- STUDY MATERIAL

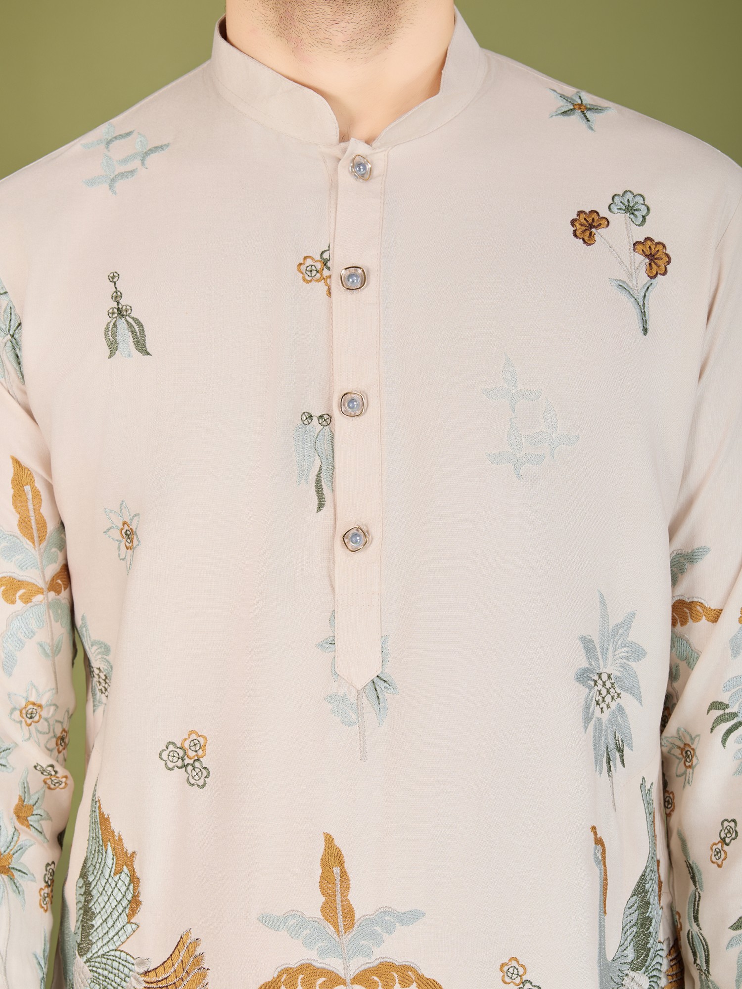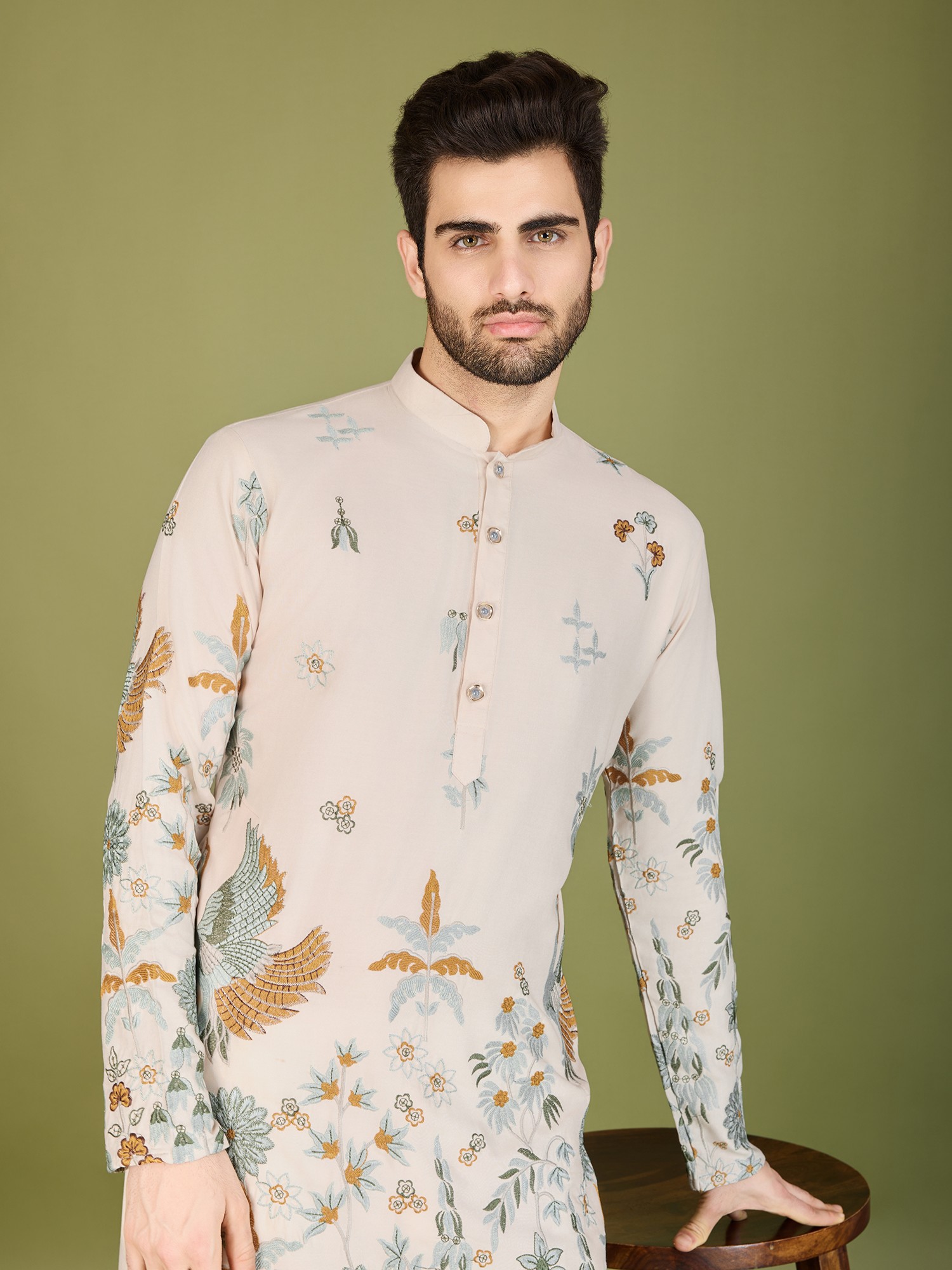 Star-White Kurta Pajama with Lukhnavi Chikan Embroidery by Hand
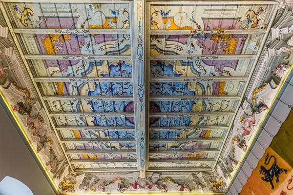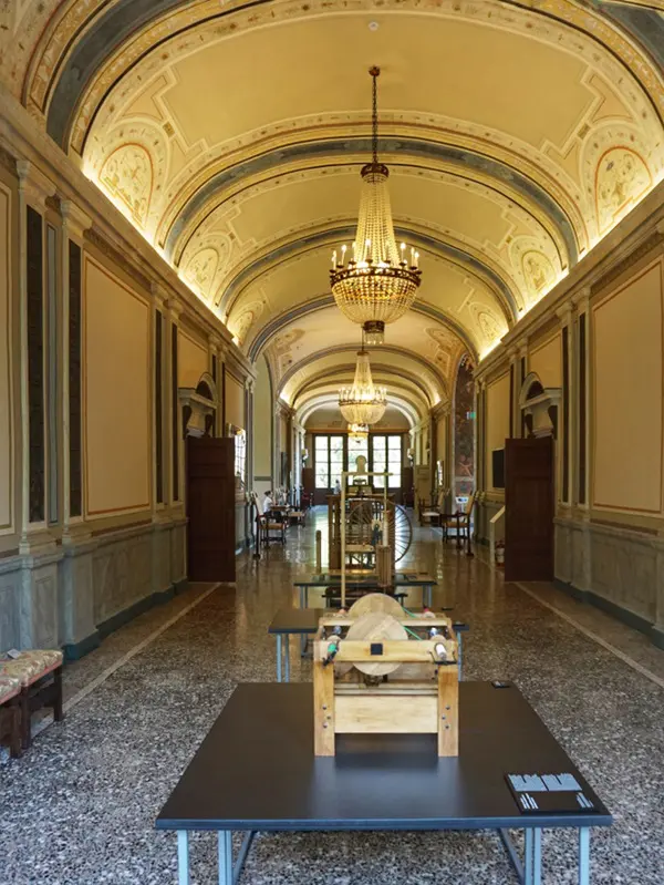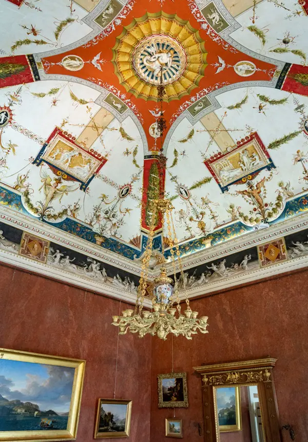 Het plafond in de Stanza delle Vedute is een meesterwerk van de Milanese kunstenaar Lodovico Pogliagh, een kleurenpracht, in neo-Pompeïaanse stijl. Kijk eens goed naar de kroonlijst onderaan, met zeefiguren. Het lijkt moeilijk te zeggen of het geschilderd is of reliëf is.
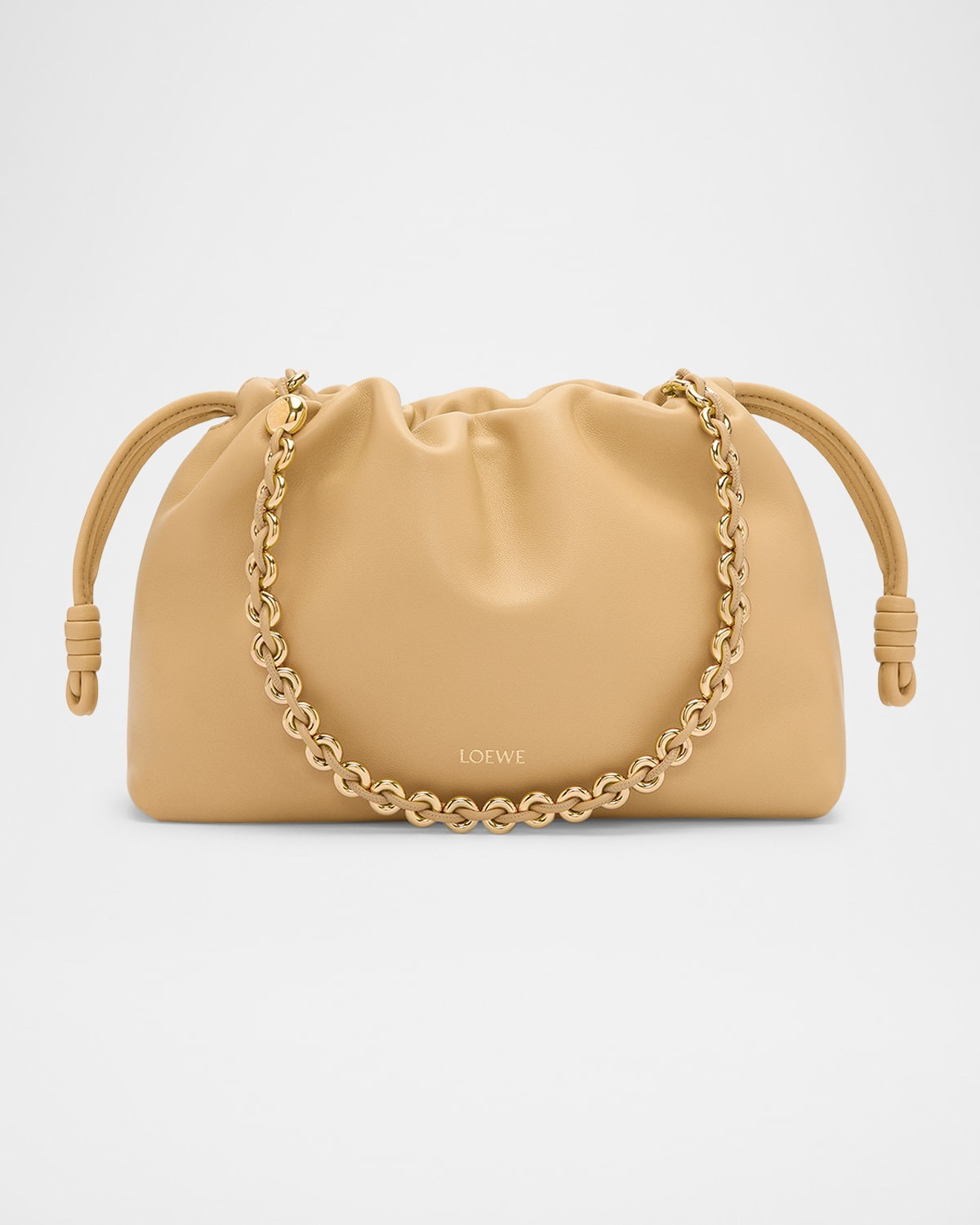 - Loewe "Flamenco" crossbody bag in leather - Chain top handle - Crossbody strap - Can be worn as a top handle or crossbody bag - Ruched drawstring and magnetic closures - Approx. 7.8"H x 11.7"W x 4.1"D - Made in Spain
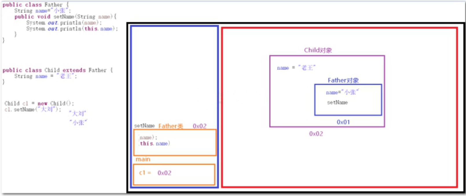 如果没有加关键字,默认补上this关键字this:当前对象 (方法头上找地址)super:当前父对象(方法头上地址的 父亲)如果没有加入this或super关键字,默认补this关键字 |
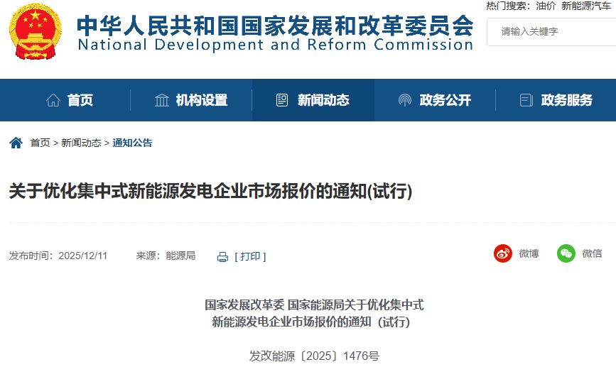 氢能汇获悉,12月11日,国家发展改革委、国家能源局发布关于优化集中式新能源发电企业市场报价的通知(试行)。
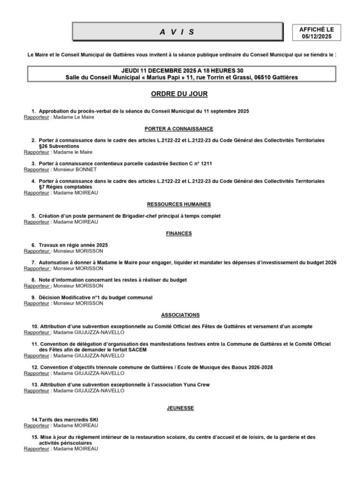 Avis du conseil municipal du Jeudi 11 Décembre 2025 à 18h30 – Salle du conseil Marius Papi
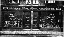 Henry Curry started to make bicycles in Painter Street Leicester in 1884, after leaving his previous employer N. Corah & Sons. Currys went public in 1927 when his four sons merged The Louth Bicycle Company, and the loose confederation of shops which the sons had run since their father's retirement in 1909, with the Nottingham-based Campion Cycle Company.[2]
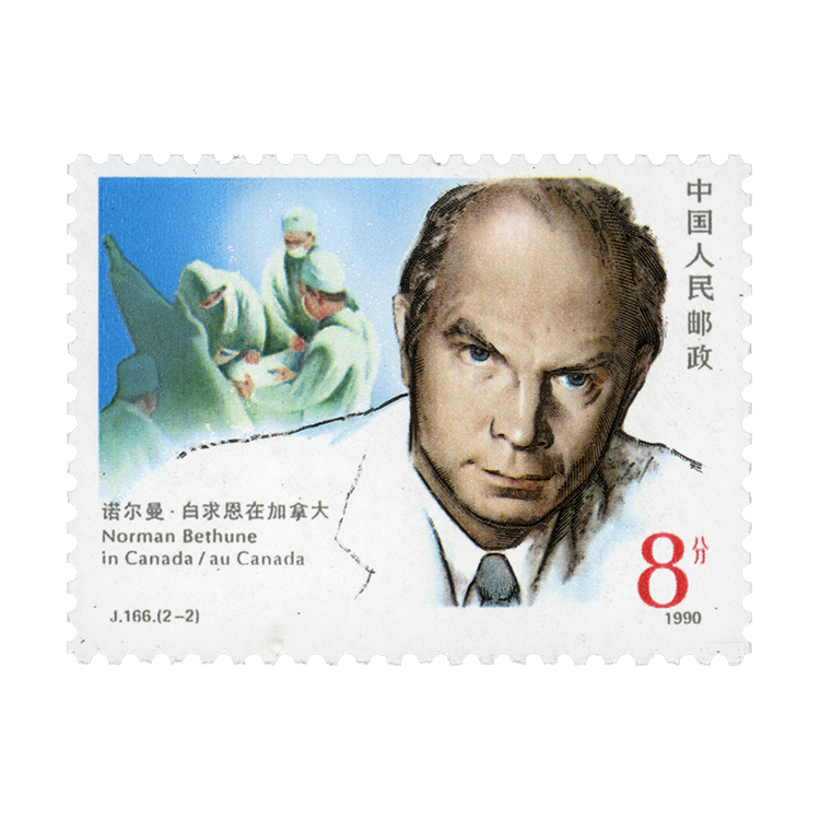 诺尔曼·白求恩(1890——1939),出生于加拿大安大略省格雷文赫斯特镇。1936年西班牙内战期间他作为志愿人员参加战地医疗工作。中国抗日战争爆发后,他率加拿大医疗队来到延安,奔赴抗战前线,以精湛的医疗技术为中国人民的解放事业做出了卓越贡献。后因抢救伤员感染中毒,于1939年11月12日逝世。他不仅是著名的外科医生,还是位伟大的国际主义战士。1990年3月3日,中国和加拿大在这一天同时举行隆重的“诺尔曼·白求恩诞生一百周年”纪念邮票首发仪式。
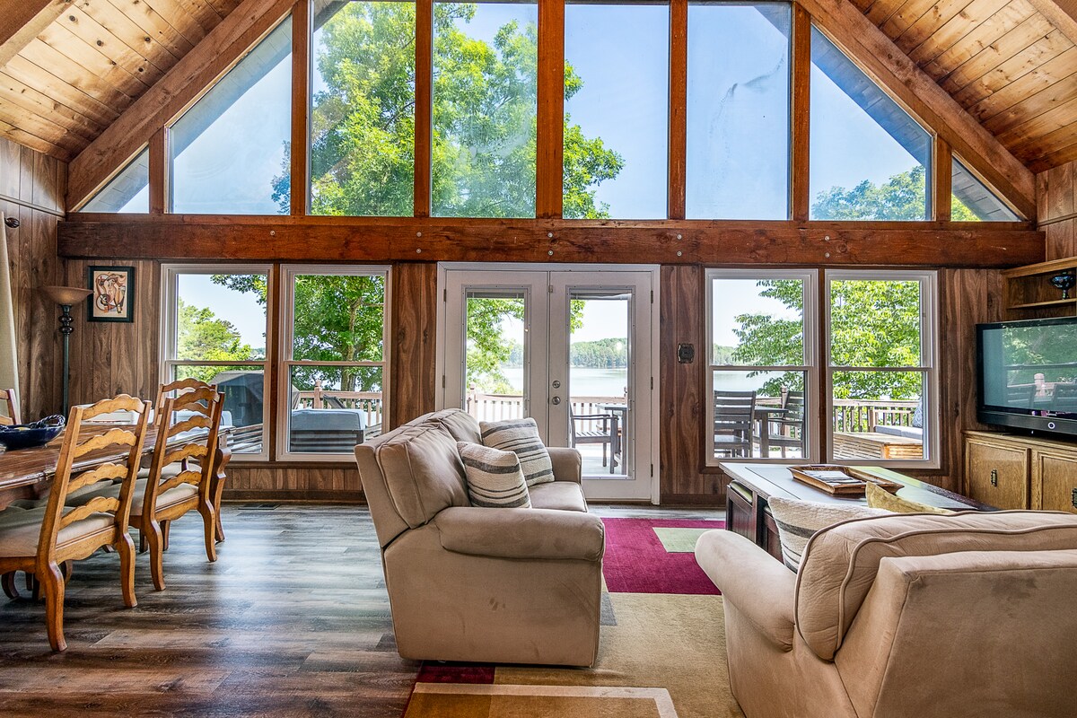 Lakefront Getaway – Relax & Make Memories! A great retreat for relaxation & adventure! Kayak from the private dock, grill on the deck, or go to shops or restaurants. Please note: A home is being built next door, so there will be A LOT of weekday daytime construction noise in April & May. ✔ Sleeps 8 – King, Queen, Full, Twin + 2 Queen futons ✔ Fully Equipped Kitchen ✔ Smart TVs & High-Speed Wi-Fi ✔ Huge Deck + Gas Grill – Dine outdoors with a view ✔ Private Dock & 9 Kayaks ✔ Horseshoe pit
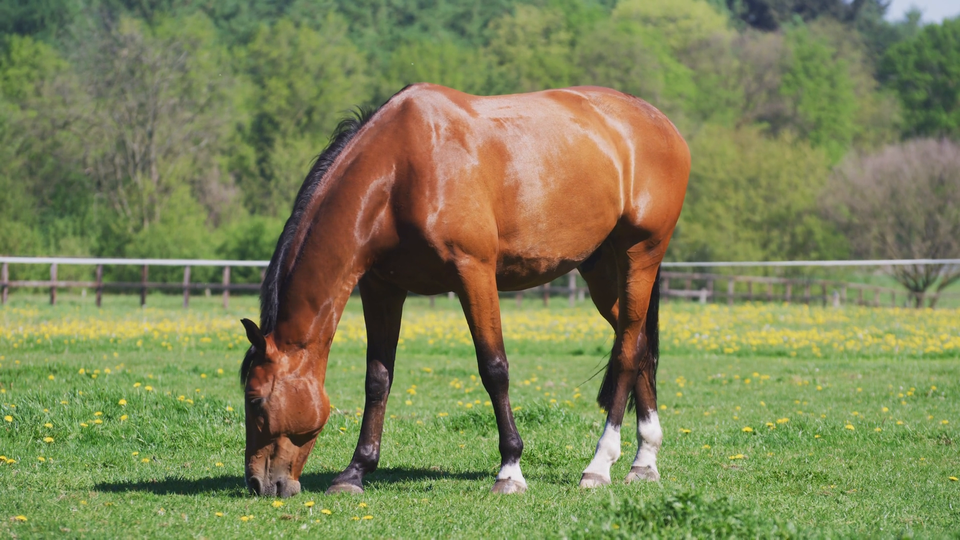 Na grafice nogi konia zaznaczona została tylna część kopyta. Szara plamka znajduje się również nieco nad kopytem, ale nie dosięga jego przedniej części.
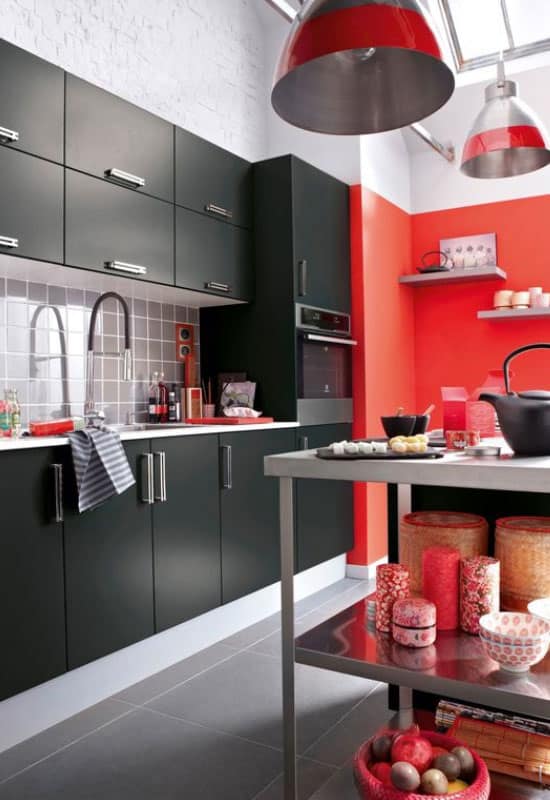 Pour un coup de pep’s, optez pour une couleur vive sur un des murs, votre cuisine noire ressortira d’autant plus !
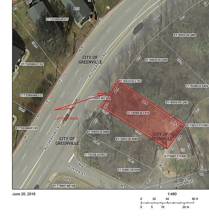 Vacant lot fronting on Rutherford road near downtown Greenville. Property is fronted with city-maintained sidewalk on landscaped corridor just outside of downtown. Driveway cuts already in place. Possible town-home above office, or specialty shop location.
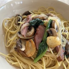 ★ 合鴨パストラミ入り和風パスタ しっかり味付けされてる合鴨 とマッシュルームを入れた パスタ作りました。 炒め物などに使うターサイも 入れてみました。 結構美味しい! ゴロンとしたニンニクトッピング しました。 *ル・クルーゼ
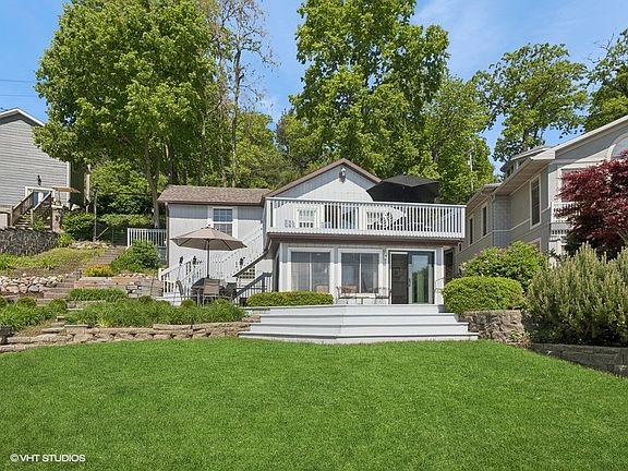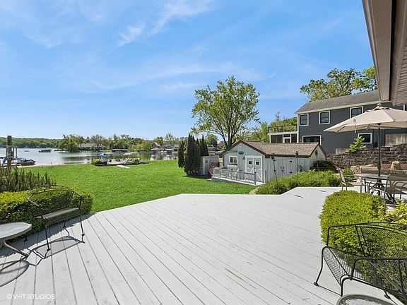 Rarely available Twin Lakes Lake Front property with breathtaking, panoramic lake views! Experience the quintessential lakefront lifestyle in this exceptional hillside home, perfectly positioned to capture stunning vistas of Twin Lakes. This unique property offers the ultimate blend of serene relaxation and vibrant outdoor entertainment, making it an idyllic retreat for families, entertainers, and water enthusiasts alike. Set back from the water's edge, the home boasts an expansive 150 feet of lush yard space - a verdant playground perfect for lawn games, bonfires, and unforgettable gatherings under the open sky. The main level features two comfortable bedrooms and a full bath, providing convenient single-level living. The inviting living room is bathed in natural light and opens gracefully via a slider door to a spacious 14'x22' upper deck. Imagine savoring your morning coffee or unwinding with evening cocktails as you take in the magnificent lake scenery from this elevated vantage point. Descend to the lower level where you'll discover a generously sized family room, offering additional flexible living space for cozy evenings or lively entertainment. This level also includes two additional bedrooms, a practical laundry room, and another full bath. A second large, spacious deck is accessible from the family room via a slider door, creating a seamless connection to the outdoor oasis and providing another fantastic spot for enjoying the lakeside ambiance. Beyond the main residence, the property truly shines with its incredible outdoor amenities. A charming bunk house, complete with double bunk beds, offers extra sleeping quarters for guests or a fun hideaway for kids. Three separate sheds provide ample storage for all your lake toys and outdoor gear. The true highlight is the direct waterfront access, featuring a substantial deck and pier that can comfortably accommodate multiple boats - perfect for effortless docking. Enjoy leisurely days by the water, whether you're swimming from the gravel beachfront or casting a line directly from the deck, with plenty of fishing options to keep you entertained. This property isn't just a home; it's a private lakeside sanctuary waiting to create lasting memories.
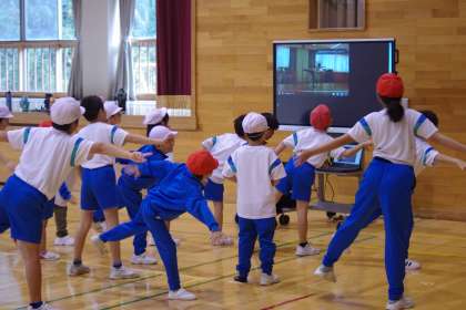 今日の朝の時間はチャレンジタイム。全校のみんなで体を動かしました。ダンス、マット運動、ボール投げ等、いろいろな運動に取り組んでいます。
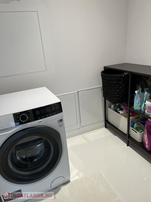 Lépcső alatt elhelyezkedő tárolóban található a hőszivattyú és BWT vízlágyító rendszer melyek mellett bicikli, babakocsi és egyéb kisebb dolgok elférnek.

- ACTIVITY
Look above for the line with "氢能汇获悉,12月11日,国", then print it and each line after it down to and including the line with "诺尔曼·白求恩(1890——". Leave out the pictures and keep the wording exact.

- EXERCISE RESPONSE
 氢能汇获悉,12月11日,国家发展改革委、国家能源局发布关于优化集中式新能源发电企业市场报价的通知(试行)。
 Avis du conseil municipal du Jeudi 11 Décembre 2025 à 18h30 – Salle du conseil Marius Papi
 Henry Curry started to make bicycles in Painter Street Leicester in 1884, after leaving his previous employer N. Corah & Sons. Currys went public in 1927 when his four sons merged The Louth Bicycle Company, and the loose confederation of shops which the sons had run since their father's retirement in 1909, with the Nottingham-based Campion Cycle Company.[2]
 诺尔曼·白求恩(1890——1939),出生于加拿大安大略省格雷文赫斯特镇。1936年西班牙内战期间他作为志愿人员参加战地医疗工作。中国抗日战争爆发后,他率加拿大医疗队来到延安,奔赴抗战前线,以精湛的医疗技术为中国人民的解放事业做出了卓越贡献。后因抢救伤员感染中毒,于1939年11月12日逝世。他不仅是著名的外科医生,还是位伟大的国际主义战士。1990年3月3日,中国和加拿大在这一天同时举行隆重的“诺尔曼·白求恩诞生一百周年”纪念邮票首发仪式。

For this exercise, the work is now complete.